= NIE number =

Tax identification number in Spain

The NIE is a tax identification number in Spain, known in Spanish as the NIE, or more formally the Número de identidad de extranjero ("Foreigner Identity Number"). The Spanish government have linked the NIE number to residence, where the NIE appears on the tarjeta de residencia (residence card), and to social security in Spain.

== Use ==
The number itself is made up of an initial letter followed by seven digits followed by a verification letter. The initial letter is an X before July 2008 and a Y afterwards. It is issued by the National Police of Spain. The NIE, which in accordance with Article 101 of the Rules for foreigners in Spain, was approved by Royal Decree 2393/2004 on December 30, 2004, is required for the purchase or sale of real estate, vehicle and boats, or in order to work or study. There are many other transactions that require the parties involved to possess an NIE Number.
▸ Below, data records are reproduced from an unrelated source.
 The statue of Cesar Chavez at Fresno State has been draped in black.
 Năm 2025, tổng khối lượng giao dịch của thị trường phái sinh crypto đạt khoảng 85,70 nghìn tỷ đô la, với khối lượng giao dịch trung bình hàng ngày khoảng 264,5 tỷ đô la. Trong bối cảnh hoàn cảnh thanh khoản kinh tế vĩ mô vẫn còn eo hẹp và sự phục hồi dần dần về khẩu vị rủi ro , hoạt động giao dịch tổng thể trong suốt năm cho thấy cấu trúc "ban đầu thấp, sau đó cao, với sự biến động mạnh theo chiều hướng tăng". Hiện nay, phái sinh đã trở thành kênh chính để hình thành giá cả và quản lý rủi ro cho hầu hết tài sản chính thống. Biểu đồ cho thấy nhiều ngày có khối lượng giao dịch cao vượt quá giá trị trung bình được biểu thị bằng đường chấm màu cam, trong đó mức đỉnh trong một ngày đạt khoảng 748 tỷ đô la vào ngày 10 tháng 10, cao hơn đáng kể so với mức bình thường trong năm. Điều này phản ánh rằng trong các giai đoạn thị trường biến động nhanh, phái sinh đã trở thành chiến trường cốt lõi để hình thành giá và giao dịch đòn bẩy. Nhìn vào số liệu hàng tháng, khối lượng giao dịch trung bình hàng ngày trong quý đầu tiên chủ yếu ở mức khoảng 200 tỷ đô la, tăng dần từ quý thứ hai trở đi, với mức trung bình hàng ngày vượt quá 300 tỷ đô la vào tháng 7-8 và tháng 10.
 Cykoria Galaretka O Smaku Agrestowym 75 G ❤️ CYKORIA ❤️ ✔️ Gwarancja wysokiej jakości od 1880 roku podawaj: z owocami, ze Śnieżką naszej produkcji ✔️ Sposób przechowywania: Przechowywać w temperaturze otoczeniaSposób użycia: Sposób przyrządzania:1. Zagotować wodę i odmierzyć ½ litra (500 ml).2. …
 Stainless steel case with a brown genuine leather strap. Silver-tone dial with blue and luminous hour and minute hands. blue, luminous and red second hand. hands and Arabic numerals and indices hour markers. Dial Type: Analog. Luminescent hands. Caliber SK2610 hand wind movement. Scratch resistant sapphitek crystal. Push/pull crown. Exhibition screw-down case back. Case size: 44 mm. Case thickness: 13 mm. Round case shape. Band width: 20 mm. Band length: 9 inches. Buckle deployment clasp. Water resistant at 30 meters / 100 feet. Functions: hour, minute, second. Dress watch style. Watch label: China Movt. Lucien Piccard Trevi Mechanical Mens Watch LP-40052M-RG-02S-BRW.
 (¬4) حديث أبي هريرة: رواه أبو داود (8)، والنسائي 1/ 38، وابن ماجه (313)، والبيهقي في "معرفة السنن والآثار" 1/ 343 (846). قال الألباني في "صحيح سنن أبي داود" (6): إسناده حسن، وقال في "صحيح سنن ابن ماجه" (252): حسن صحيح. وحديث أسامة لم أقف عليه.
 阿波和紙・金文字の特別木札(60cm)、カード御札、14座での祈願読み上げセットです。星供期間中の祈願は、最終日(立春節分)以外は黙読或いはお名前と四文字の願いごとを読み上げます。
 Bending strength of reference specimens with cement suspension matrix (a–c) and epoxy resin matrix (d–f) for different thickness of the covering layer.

In some cases, alternate identification, e.g., passport number, may be used. The NIE number itself is issued on a standard A4 page, with the recipients full name (as written on the passport used during the application process), their place of birth, their nationality, and the number itself, along with a stamp and signature provided by the National Police.

== Applying for NIE ==
An NIE can be applied for in three ways:
- Present the application in Spain personally, in which case proof of being legally in Spain and documents which justify the reasons for having the NIE.
- An accredited representative in Spain with the correct legal powers, either general or specific, can make the application on behalf of the ´person making the application, and requires documents which justify the reasons for having the NIE.
- Applications made in a Spanish diplomatic mission or consulate located in the country in which the person making the application is domiciled, requiring the documents which justify the reasons for having the NIE.
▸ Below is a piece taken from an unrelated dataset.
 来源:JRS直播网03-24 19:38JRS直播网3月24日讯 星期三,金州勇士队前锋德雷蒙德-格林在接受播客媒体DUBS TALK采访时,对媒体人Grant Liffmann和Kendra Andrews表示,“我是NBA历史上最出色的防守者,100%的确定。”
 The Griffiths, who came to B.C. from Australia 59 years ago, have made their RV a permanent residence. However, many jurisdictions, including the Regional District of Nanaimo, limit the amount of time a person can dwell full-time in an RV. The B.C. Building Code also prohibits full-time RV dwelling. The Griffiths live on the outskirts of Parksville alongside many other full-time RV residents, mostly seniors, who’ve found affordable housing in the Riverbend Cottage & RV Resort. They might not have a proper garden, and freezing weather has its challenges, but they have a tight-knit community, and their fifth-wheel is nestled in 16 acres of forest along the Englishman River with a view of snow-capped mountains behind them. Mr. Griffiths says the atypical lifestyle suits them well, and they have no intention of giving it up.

There are two main requirements to make the application:
- Completed and signed original (not a copy) application form EX-15.
- Passport and passport photos

The application form requires an address; this need not be permanent; e.g., a hotel may be used. The form also requests phone number and e-mail, but the physical address may be used for notification (so it is unwise to give an address from which you cannot retrieve mail). The form also asks for a reason for requesting the NIE.

In the case of presenting the application in Spain personally, some bigger localities (like Valencia) require an appointment to be booked online beforehand.

Foreigners with an NIE can use it to register with the municipal register of inhabitants.